- **HOW TO COMPLETE THIS TASK**
Please repeat the data exactly. Any picture in it stays out.

*** RECORDS PROVIDED ***

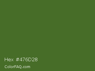Hex #476d28 Color is a dark green color and the nearest color is Dark Olive Green #556b2f. Hex code #476d28 and RGB value is rgb(71,109,40). In RGB color space, this color is composed of 28% red, 43% green, 16% blue, In CMYK color space, this color is composed of 35% cyan, 0% magenta, 63% yellow , 57% black , In HSL color space, this color has a hue angle of 93° , 46% saturation and 29% lightness.
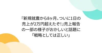 『新規就農から8ヶ月、ついに1日の売上が2万円超えたぞ!』売上報告の一部の様子がおかしいと話題に「戦略としては正しい」
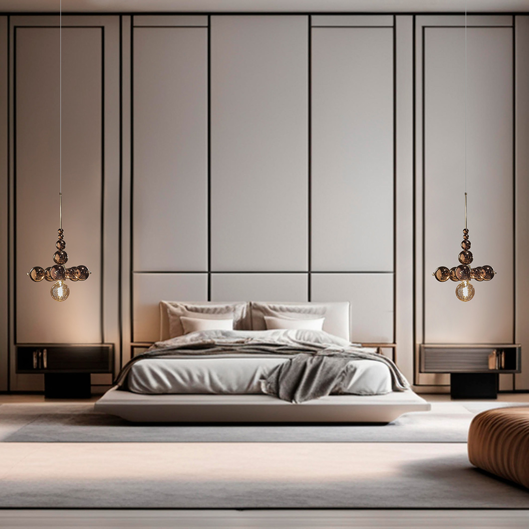 Coral is a perfect addition to a modern bedroom, installed as a pair of suspended bedside lamps. This sublime luminaire also impresses when positioned over a long dining table, providing a decorative feature to a contemporary dining area.
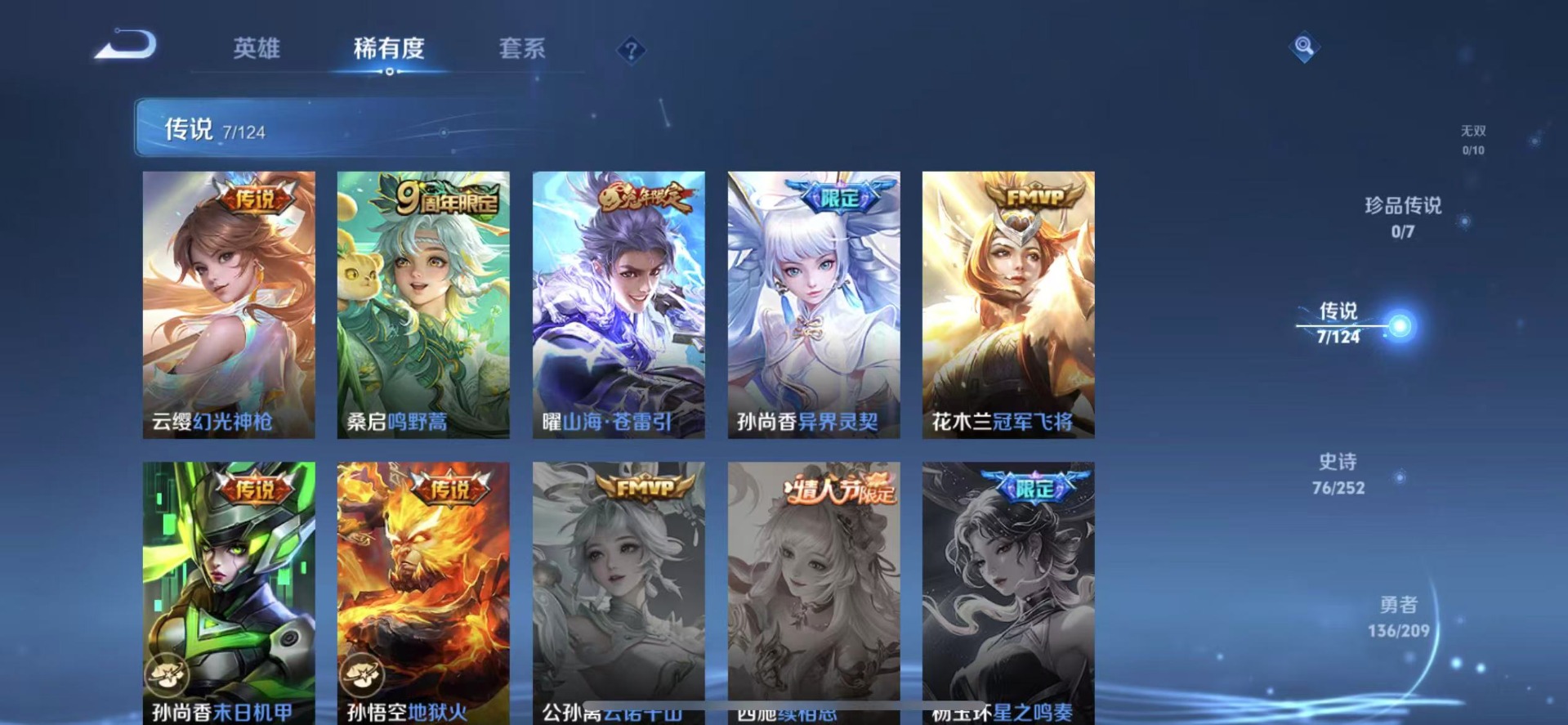 [11529248]V8 7传说 124英雄 270皮肤 可修改实名 钱包无法修改 支付冻结 优质装备:冠军飞将,末日机甲-孙尚香(绿蚂蚱),地狱火,山海·苍雷引(电光曜子) 传说皮:幻光神枪 珍宝阁皮:万物之道,蔷薇恋人,女武神 限定皮:鸣野蒿,梅西,异界灵契(白毛香),飞衡(韩信年限),遇见飞天,高山流水,五谷丰年,冰锋战神,游园惊梦,梁祝,逐梦之星,李小龙,默契交锋-花木兰,猪悟能,青春决赛季,冰霜恋舞曲,神奇女侠,山海·玄木吟(马可年限) 史诗皮:星界战将,紫霞仙子,苍穹之光,特工魅影,千年之狐,江河有灵,百解令(蒙犽),蒙恬荣光圣徽,无限星赏官,冰冠公主,偶像歌手,电玩·爆裂旋风,末日机甲-吕布,猫狗日记-孙策,时之恋人-孙尚香,乱世虎臣,节奏热浪,修罗,女仆咖啡,水果甜心,天才门将,星夜王子,功夫厨神,德古拉伯爵,暗隐猎兽者,幽灵船长,鬼剑武藏,舞动绿茵,纤云弄巧,乘风破浪,逐浪之夏,水晶猎龙者,曙光守护者,热力回旋,箭羽风息,金属风暴,原初追逐者,圣诞狂欢,鹰眼统帅,王者之锤,暗夜贵公子,魅力维加斯,黎明之约,赏金猎手,无心
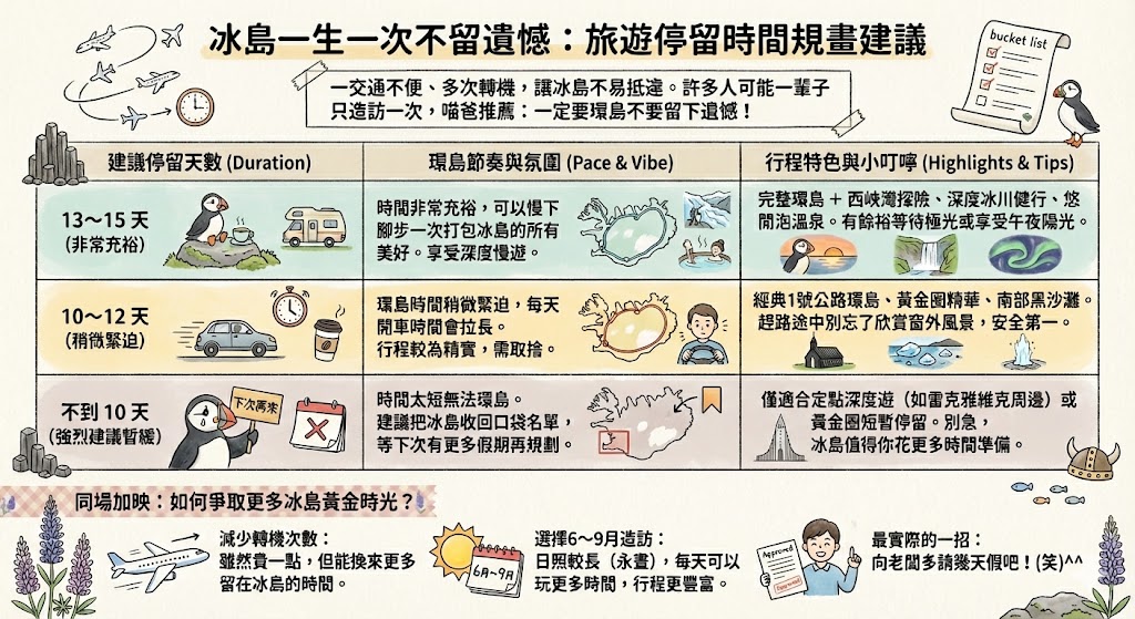 如果時間不到10天:時間太短無法環島,先放棄,等以後有更多假期再規劃冰島旅行吧。

***

- **RESPONSE FOR THIS EXERCISE**
Hex #476d28 Color is a dark green color and the nearest color is Dark Olive Green #556b2f. Hex code #476d28 and RGB value is rgb(71,109,40). In RGB color space, this color is composed of 28% red, 43% green, 16% blue, In CMYK color space, this color is composed of 35% cyan, 0% magenta, 63% yellow , 57% black , In HSL color space, this color has a hue angle of 93° , 46% saturation and 29% lightness.
 『新規就農から8ヶ月、ついに1日の売上が2万円超えたぞ!』売上報告の一部の様子がおかしいと話題に「戦略としては正しい」
 Coral is a perfect addition to a modern bedroom, installed as a pair of suspended bedside lamps. This sublime luminaire also impresses when positioned over a long dining table, providing a decorative feature to a contemporary dining area.
 [11529248]V8 7传说 124英雄 270皮肤 可修改实名 钱包无法修改 支付冻结 优质装备:冠军飞将,末日机甲-孙尚香(绿蚂蚱),地狱火,山海·苍雷引(电光曜子) 传说皮:幻光神枪 珍宝阁皮:万物之道,蔷薇恋人,女武神 限定皮:鸣野蒿,梅西,异界灵契(白毛香),飞衡(韩信年限),遇见飞天,高山流水,五谷丰年,冰锋战神,游园惊梦,梁祝,逐梦之星,李小龙,默契交锋-花木兰,猪悟能,青春决赛季,冰霜恋舞曲,神奇女侠,山海·玄木吟(马可年限) 史诗皮:星界战将,紫霞仙子,苍穹之光,特工魅影,千年之狐,江河有灵,百解令(蒙犽),蒙恬荣光圣徽,无限星赏官,冰冠公主,偶像歌手,电玩·爆裂旋风,末日机甲-吕布,猫狗日记-孙策,时之恋人-孙尚香,乱世虎臣,节奏热浪,修罗,女仆咖啡,水果甜心,天才门将,星夜王子,功夫厨神,德古拉伯爵,暗隐猎兽者,幽灵船长,鬼剑武藏,舞动绿茵,纤云弄巧,乘风破浪,逐浪之夏,水晶猎龙者,曙光守护者,热力回旋,箭羽风息,金属风暴,原初追逐者,圣诞狂欢,鹰眼统帅,王者之锤,暗夜贵公子,魅力维加斯,黎明之约,赏金猎手,无心
 如果時間不到10天:時間太短無法環島,先放棄,等以後有更多假期再規劃冰島旅行吧。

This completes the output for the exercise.